My solution: $x=0\implies y=0$ and $y=-1$ and at $y=\pm{8},\pm{4},,\pm{2},1$ no integer solution $\implies y\neq \pm{8},\pm{4},,\pm{2},1$ Then $y^3=8x^6+2x^3y-y^2\implies \frac{y^3}{x}=8x^5+2x^2y-\frac{y^2}{x}\implies \frac{y^2}{x}(y+1)=8x^5+2x^2y\implies x|y^2\implies x|y$ Then $y^2+y=\frac{8x^6}{y}+2x^3\implies y|8x^6\implies y|x$ because $y\neq \pm{8},\pm{4},,\pm{2},1$ THEN $x|y$ and $y|x\implies x=y$ THen we have $x^3=8x^6+2x^4-x^2\implies x=0$ The solution is $(x;y)=(0;0)(0;-1)$

I don't if there is any wrong in the solution but $(1,2)$ is also a solution.

Uzbekistan wrote: $\frac{y^2}{x}(y+1)=8x^5+2x^2y\implies x|y^2\implies x|y$ You don't know that $x$ and $y+1$ are coprime, and also $x\mid y^2$ doesn't generally imply $x\mid y$.
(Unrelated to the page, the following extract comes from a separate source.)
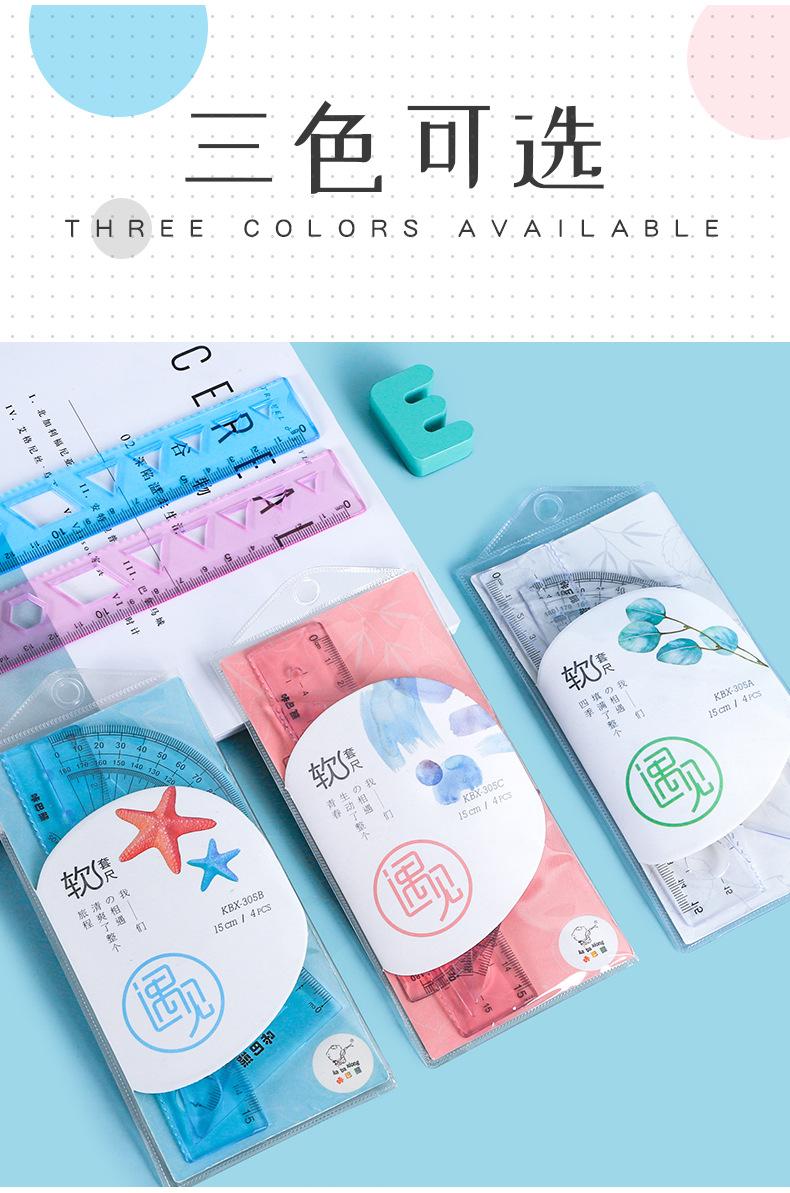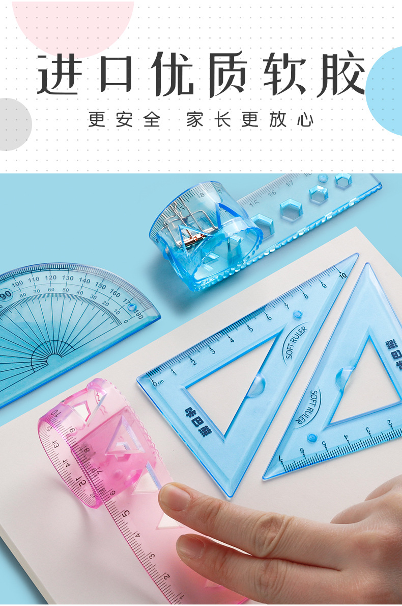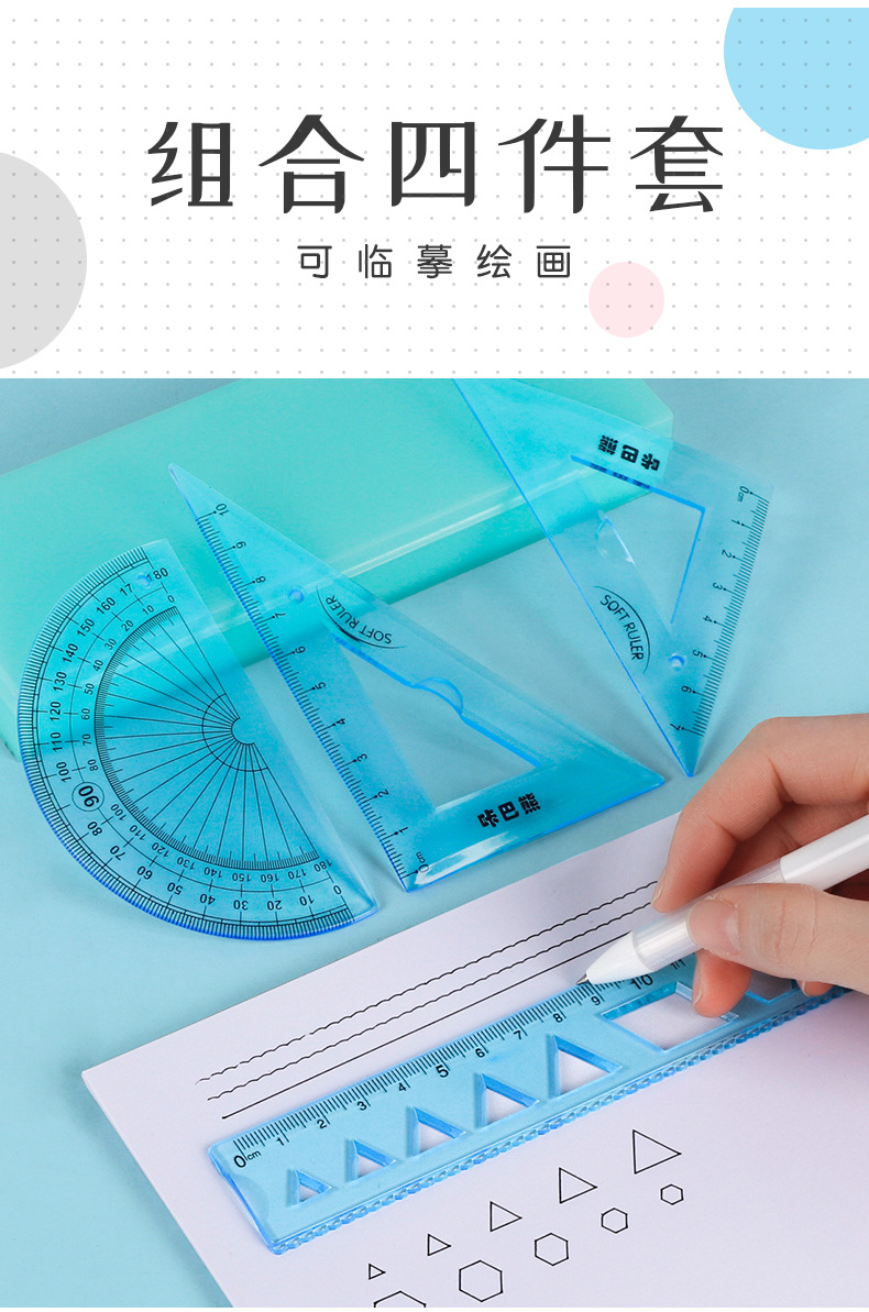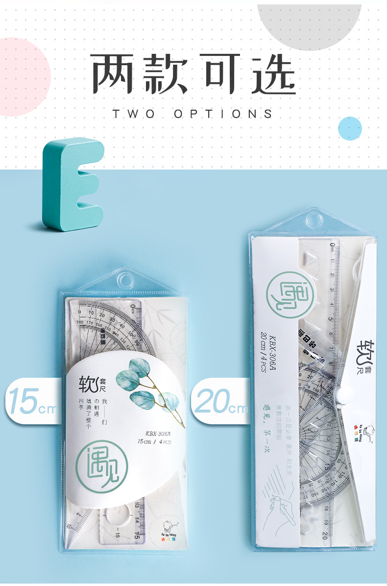 软尺四件套小学生15/20cm带波浪线学生文具尺子套装多功能尺子

silouan wrote: Uzbekistan wrote: $\frac{y^2}{x}(y+1)=8x^5+2x^2y\implies x|y^2\implies x|y$ You don't know that $x$ and $y+1$ are coprime, and also $x\mid y^2$ doesn't generally imply $x\mid y$. Yeah you are right. I am sorry for my mistake

littletush wrote: Find all pairs of integers $(x,y)$ such that \[ y^3=8x^6+2x^3y-y^2 \]. HINT: We have $3y=6x^2+x-1+O(x^{-1})$ as $x \to \infty$.

Who is known?

We have $8x^6=y(y^2+y-2x^3)$ Let $|y|$ is odd but not $1$ let max power of a prime factor dividing $y$ is $a$ and $x$ is $b$ note $a+min (a,3b)=6b$ so $a=3b$ and hence $y=x^3$... it has no solution. when $y$ is even ,using similar process $y=4x^3$.....no solution so checking $|x|=1,0$ ......$(1,2),(0,0)$ is solution. now when $|y|=1$ then checking $1$ and $-1$ we get $(0,-1)$ as another solution.
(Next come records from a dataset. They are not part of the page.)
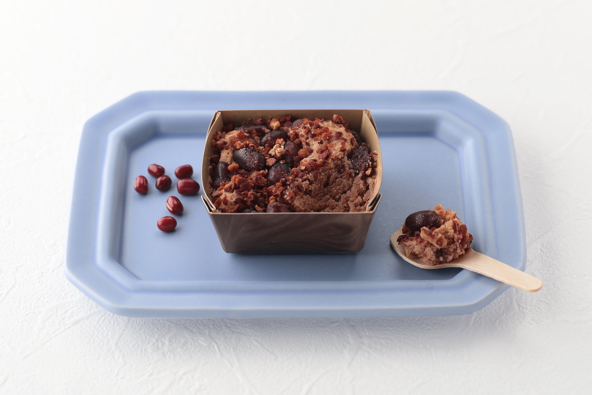 「あんこばこ」は、自家製のあんこに、バターや卵などを加えて焼き上げた、和のカップケーキです。ベースとなる生地には、北海道産の小豆を、美十のあんこ職人が丁寧に炊き上げた自家製こしあんを使用しています。そこに、あずきの甘納豆、アーモンド・ピスタチオ・ピーカンナッツの3種類のナッツ、愛媛県産の甘夏のドライフルーツ、いちごのフリーズドライといった4種類の多彩なトッピングを合わせました。それぞれの素材が持つ風味と食感が、絶妙なバランスで調和する、和と洋の美味しさを結んだスイーツです。
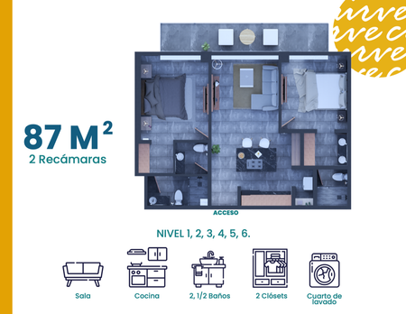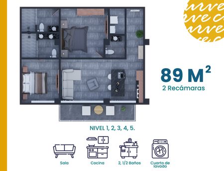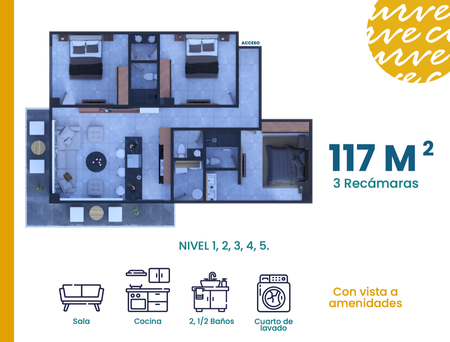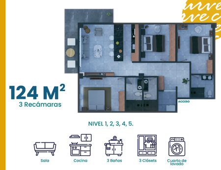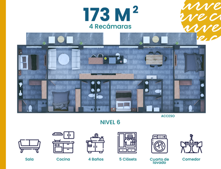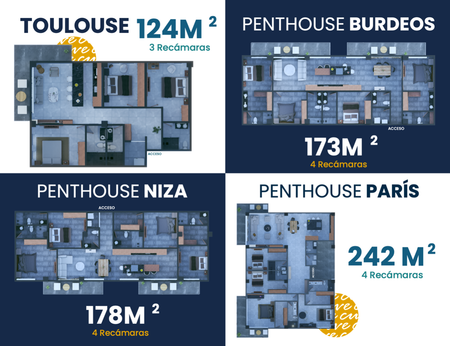 Este desarrollo cuenta con 4 torres dentro del condominio y 8 tipos de departamentos.
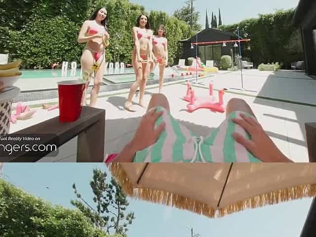VR Bangers: 3 Hawt Bikini Chicks Bang Hard In A Wild Hollywood Poolside Fuckfest
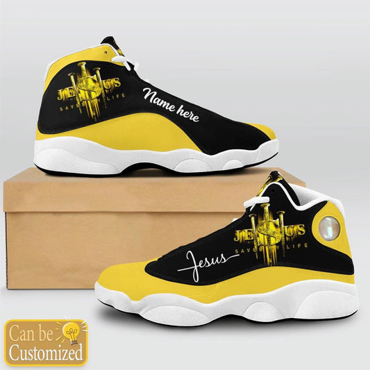 Jesus Saved My Life Custom Name Jd13 Shoes Yellow, Jesus Christ Shoes

The equation $y^3=8x^6+2x^3y-y^2$ can be written as $(64x^3 + 8y)^2 = (8y)^2(8y+9)$, whence $8y+9=z^2$, with wlog $z\geq 1$. This leads to $(4x)^3 = \pm (z^2-9)(z \mp 1)$, and now a simple framing of the RHS between consecutive cubes leads to just checking values $z\in \{1,3,5,7,9\}$, with only possible solutions $(0,-1), (0,0), (1,2)$ for $(x,y)$.